(Stored items)
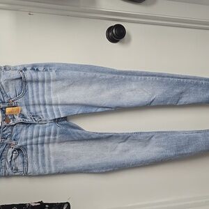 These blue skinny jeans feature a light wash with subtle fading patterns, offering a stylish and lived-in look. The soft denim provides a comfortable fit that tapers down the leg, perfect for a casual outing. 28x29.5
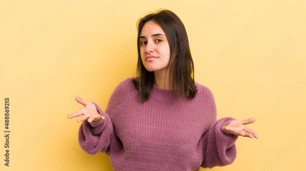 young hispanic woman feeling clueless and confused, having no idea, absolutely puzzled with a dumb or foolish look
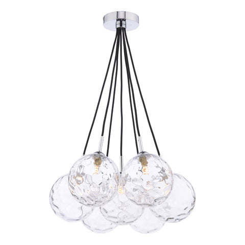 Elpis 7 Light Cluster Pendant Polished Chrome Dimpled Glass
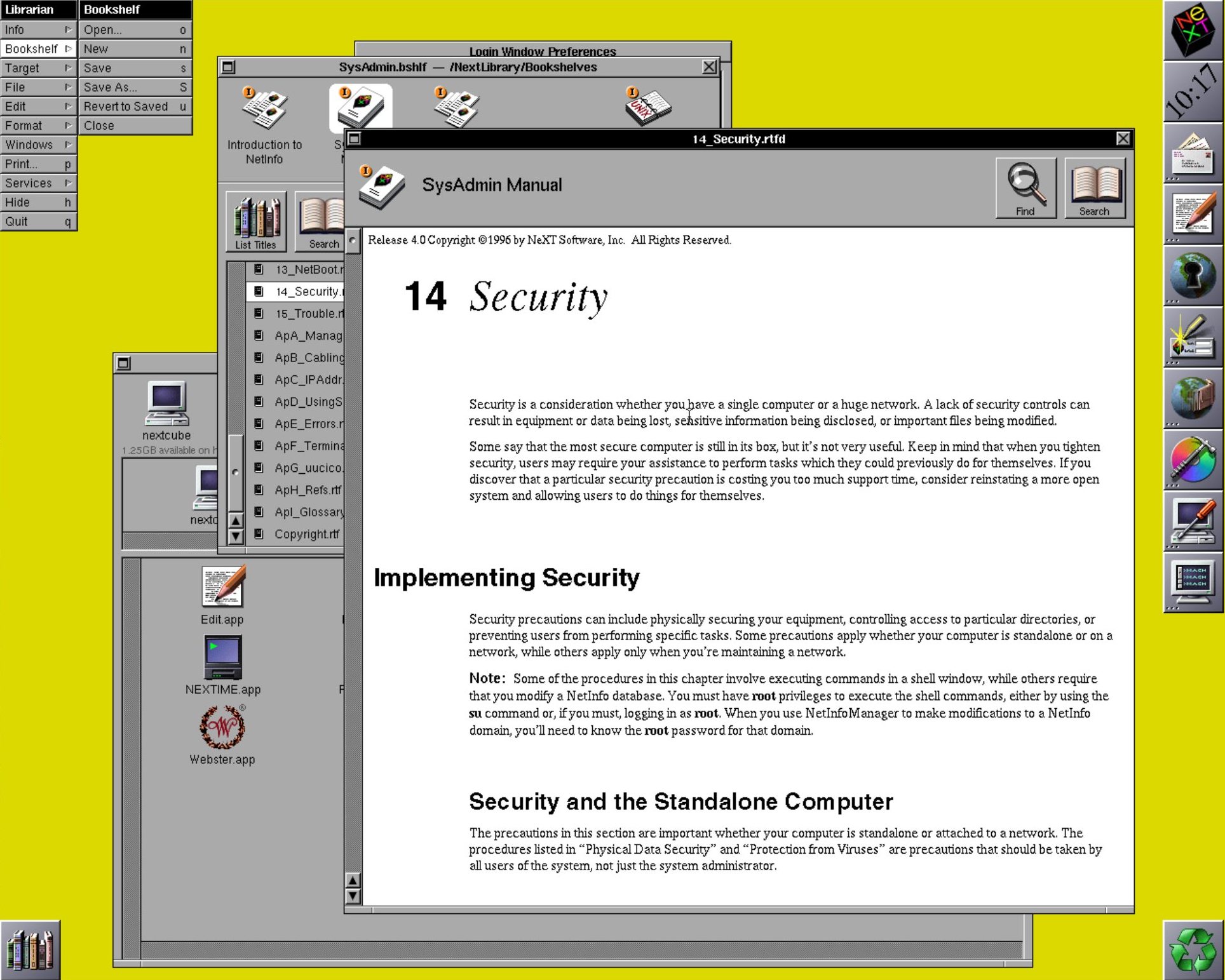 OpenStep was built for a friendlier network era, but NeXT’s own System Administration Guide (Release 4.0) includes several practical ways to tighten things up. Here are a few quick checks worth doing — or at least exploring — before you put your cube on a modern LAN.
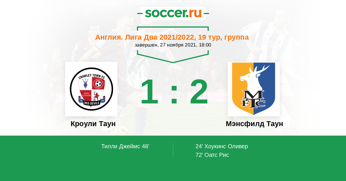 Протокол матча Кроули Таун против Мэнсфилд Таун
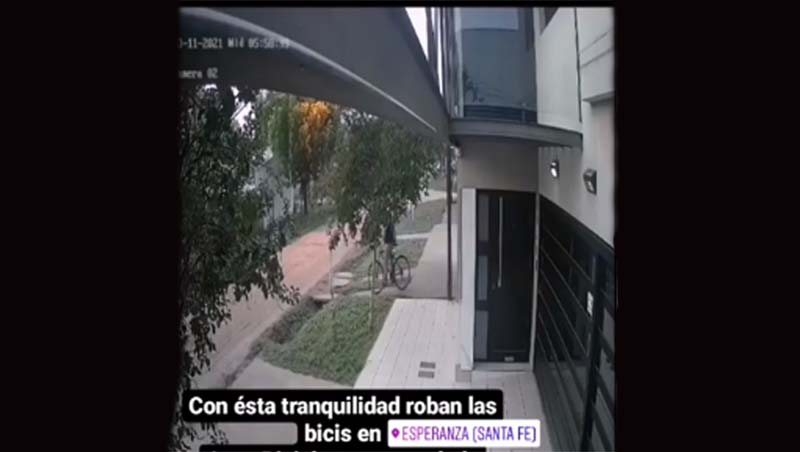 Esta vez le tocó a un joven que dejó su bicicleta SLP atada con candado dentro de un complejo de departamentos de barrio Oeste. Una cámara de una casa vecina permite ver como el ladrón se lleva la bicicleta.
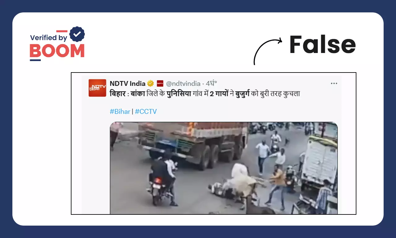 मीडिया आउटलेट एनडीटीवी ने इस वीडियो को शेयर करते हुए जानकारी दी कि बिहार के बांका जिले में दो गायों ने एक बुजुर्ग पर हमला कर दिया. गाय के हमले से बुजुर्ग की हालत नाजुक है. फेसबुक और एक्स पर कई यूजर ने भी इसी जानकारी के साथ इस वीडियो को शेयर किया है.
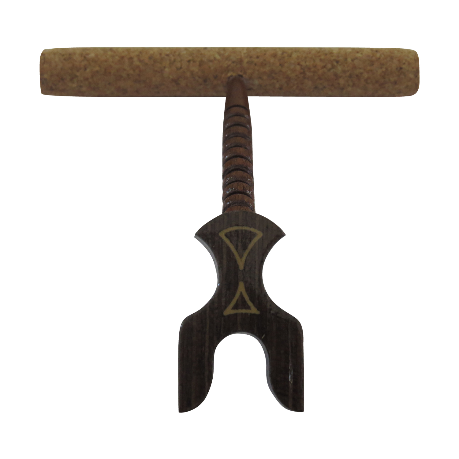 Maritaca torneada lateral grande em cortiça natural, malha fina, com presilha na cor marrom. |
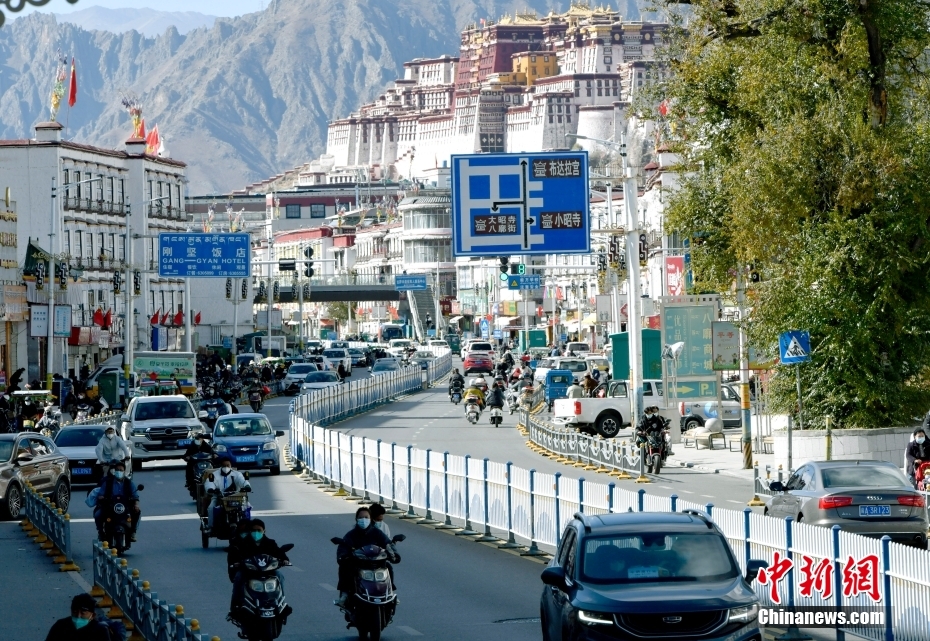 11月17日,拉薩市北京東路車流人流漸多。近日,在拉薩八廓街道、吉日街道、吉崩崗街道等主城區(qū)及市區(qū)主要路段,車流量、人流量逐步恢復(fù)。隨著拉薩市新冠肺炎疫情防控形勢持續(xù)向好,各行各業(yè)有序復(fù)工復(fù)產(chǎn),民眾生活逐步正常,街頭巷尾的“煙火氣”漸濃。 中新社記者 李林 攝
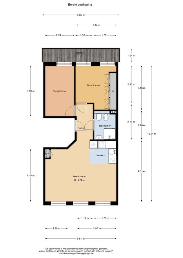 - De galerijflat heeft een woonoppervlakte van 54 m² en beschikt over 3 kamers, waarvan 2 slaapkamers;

Aim of the task
Please set down the data above exactly as given, leaving every picture out.

The completed task
 These blue skinny jeans feature a light wash with subtle fading patterns, offering a stylish and lived-in look. The soft denim provides a comfortable fit that tapers down the leg, perfect for a casual outing. 28x29.5
 young hispanic woman feeling clueless and confused, having no idea, absolutely puzzled with a dumb or foolish look
 Elpis 7 Light Cluster Pendant Polished Chrome Dimpled Glass
 OpenStep was built for a friendlier network era, but NeXT’s own System Administration Guide (Release 4.0) includes several practical ways to tighten things up. Here are a few quick checks worth doing — or at least exploring — before you put your cube on a modern LAN.
 Протокол матча Кроули Таун против Мэнсфилд Таун
 Esta vez le tocó a un joven que dejó su bicicleta SLP atada con candado dentro de un complejo de departamentos de barrio Oeste. Una cámara de una casa vecina permite ver como el ladrón se lleva la bicicleta.
 मीडिया आउटलेट एनडीटीवी ने इस वीडियो को शेयर करते हुए जानकारी दी कि बिहार के बांका जिले में दो गायों ने एक बुजुर्ग पर हमला कर दिया. गाय के हमले से बुजुर्ग की हालत नाजुक है. फेसबुक और एक्स पर कई यूजर ने भी इसी जानकारी के साथ इस वीडियो को शेयर किया है.
 Maritaca torneada lateral grande em cortiça natural, malha fina, com presilha na cor marrom. |
 11月17日,拉薩市北京東路車流人流漸多。近日,在拉薩八廓街道、吉日街道、吉崩崗街道等主城區(qū)及市區(qū)主要路段,車流量、人流量逐步恢復(fù)。隨著拉薩市新冠肺炎疫情防控形勢持續(xù)向好,各行各業(yè)有序復(fù)工復(fù)產(chǎn),民眾生活逐步正常,街頭巷尾的“煙火氣”漸濃。 中新社記者 李林 攝
 - De galerijflat heeft een woonoppervlakte van 54 m² en beschikt over 3 kamers, waarvan 2 slaapkamers;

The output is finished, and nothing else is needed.